▶ **DATASET RECORDS**:
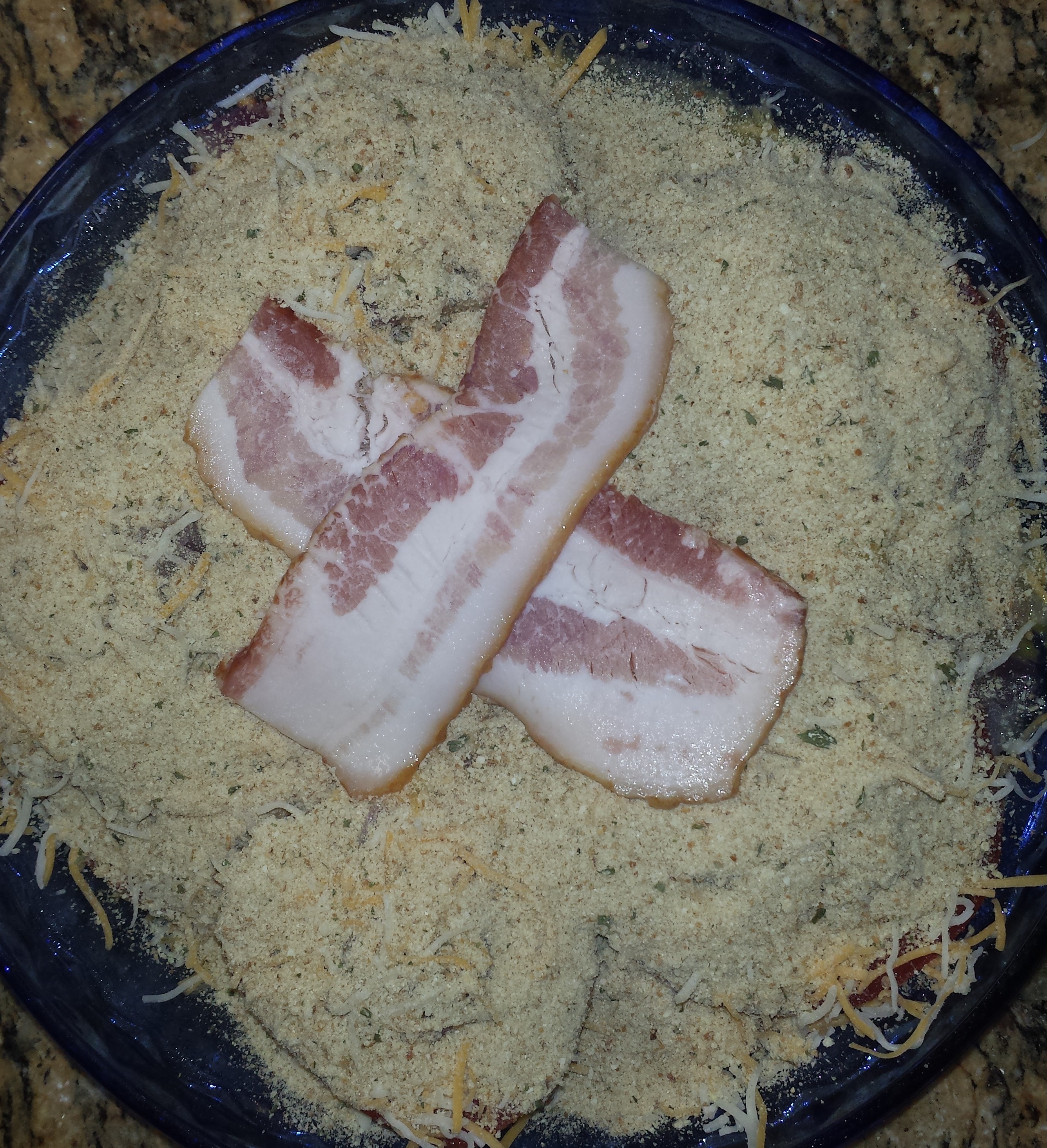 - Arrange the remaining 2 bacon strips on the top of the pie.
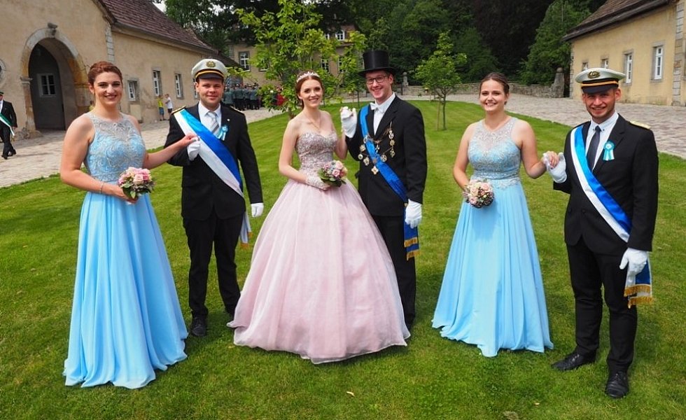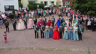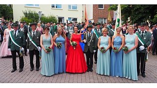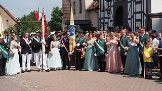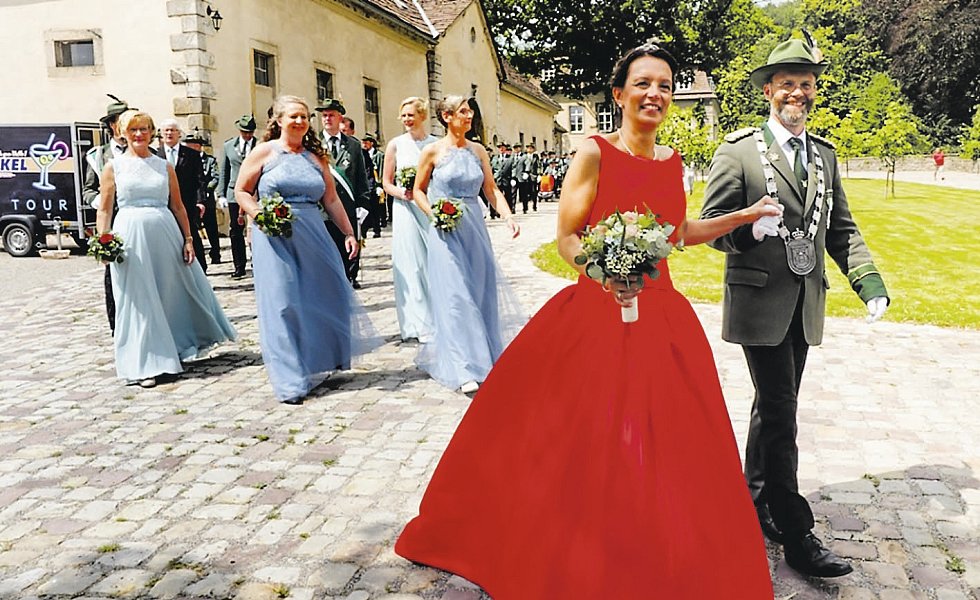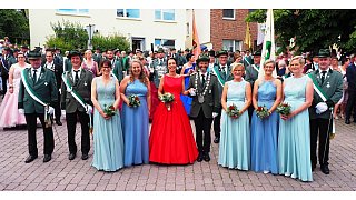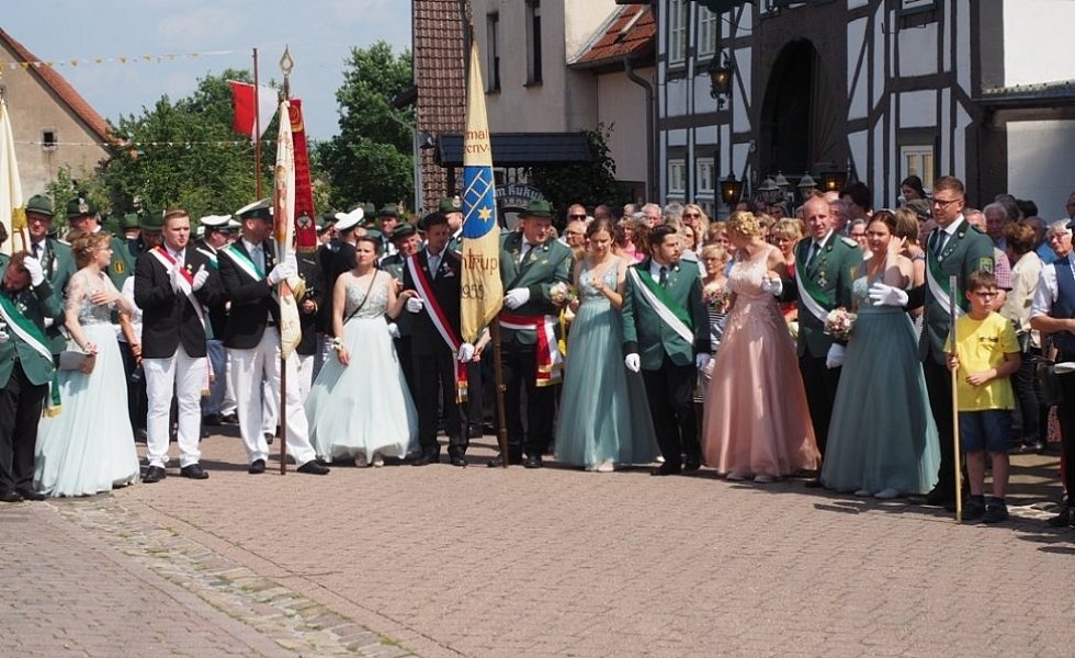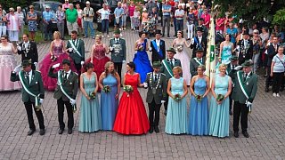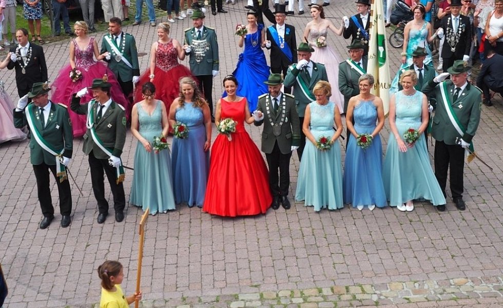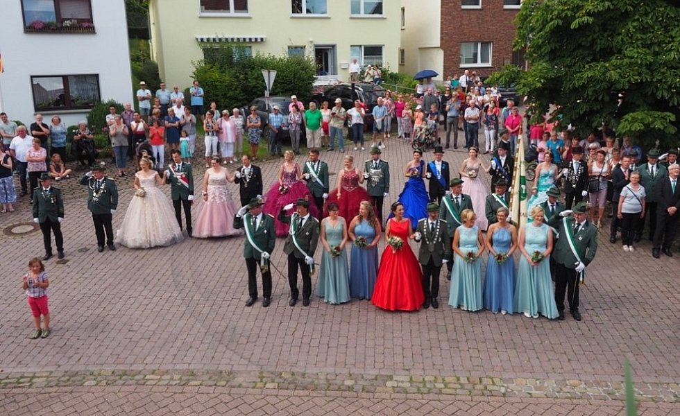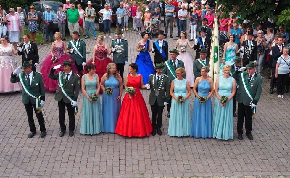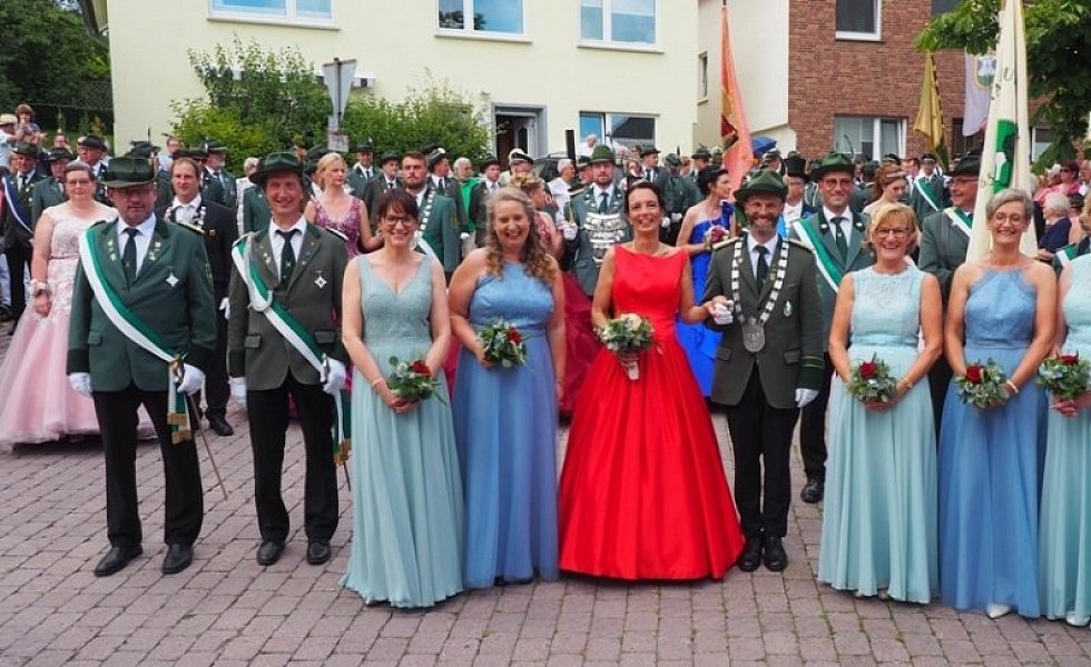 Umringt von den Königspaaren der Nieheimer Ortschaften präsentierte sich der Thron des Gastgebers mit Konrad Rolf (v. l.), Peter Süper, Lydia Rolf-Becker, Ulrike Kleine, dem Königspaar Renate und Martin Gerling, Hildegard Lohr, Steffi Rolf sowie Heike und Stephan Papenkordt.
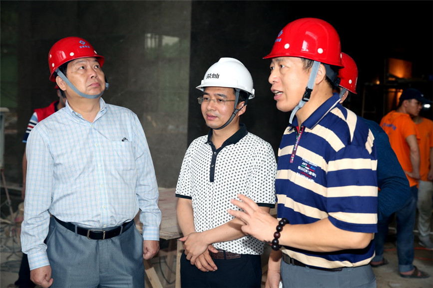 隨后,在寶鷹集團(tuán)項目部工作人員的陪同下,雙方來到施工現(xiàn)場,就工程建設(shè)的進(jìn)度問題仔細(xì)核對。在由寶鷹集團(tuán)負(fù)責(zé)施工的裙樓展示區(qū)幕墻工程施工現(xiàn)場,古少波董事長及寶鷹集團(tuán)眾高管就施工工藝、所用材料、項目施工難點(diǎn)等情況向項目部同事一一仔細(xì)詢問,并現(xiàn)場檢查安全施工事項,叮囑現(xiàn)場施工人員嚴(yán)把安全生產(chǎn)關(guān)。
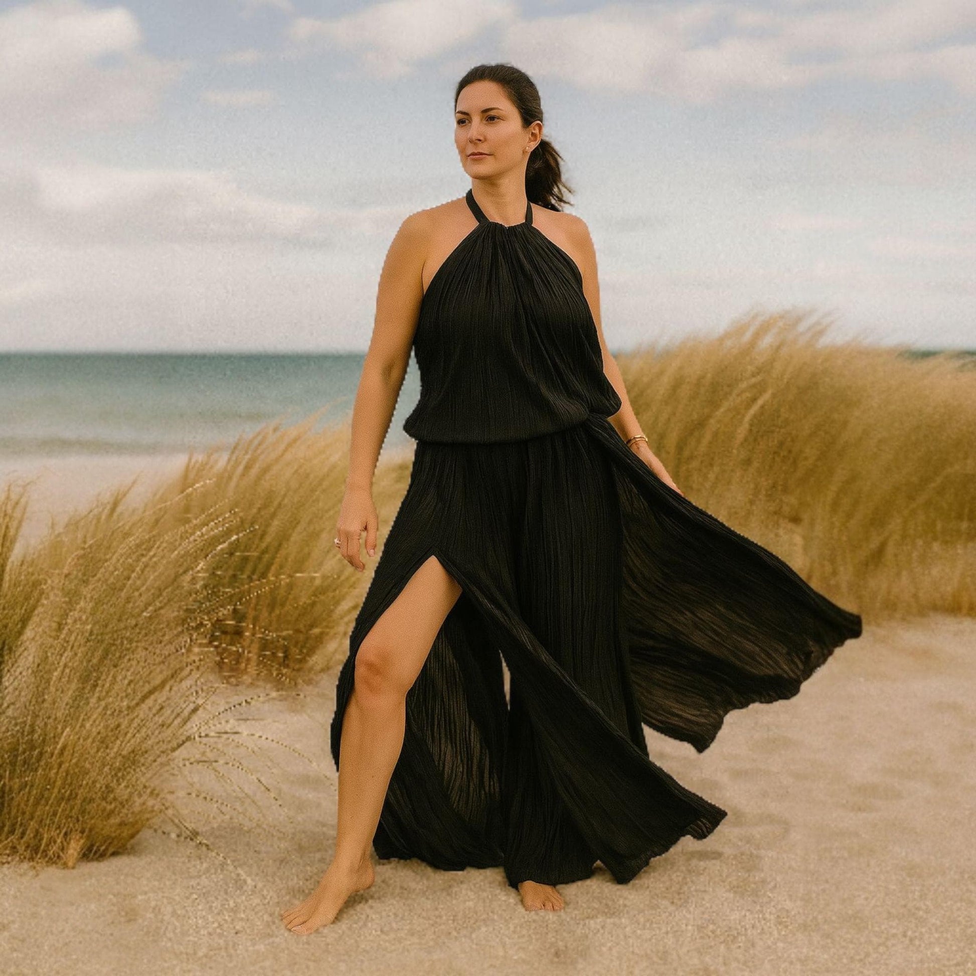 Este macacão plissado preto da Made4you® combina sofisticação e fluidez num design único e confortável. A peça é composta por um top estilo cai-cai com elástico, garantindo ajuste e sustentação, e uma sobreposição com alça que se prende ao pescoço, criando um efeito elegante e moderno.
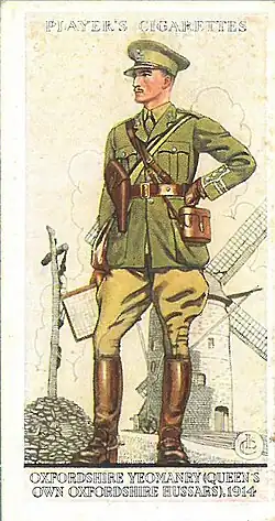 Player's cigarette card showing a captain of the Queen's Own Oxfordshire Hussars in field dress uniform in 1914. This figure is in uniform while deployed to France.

▶ **EXERCISE AIM**:
All that is wanted is the run of lines from the start of the material through the line that holds "Umringt von den", retyped exactly, with no pictures.

▶ **EXERCISE ANSWER**:
 - Arrange the remaining 2 bacon strips on the top of the pie.
 Umringt von den Königspaaren der Nieheimer Ortschaften präsentierte sich der Thron des Gastgebers mit Konrad Rolf (v. l.), Peter Süper, Lydia Rolf-Becker, Ulrike Kleine, dem Königspaar Renate und Martin Gerling, Hildegard Lohr, Steffi Rolf sowie Heike und Stephan Papenkordt.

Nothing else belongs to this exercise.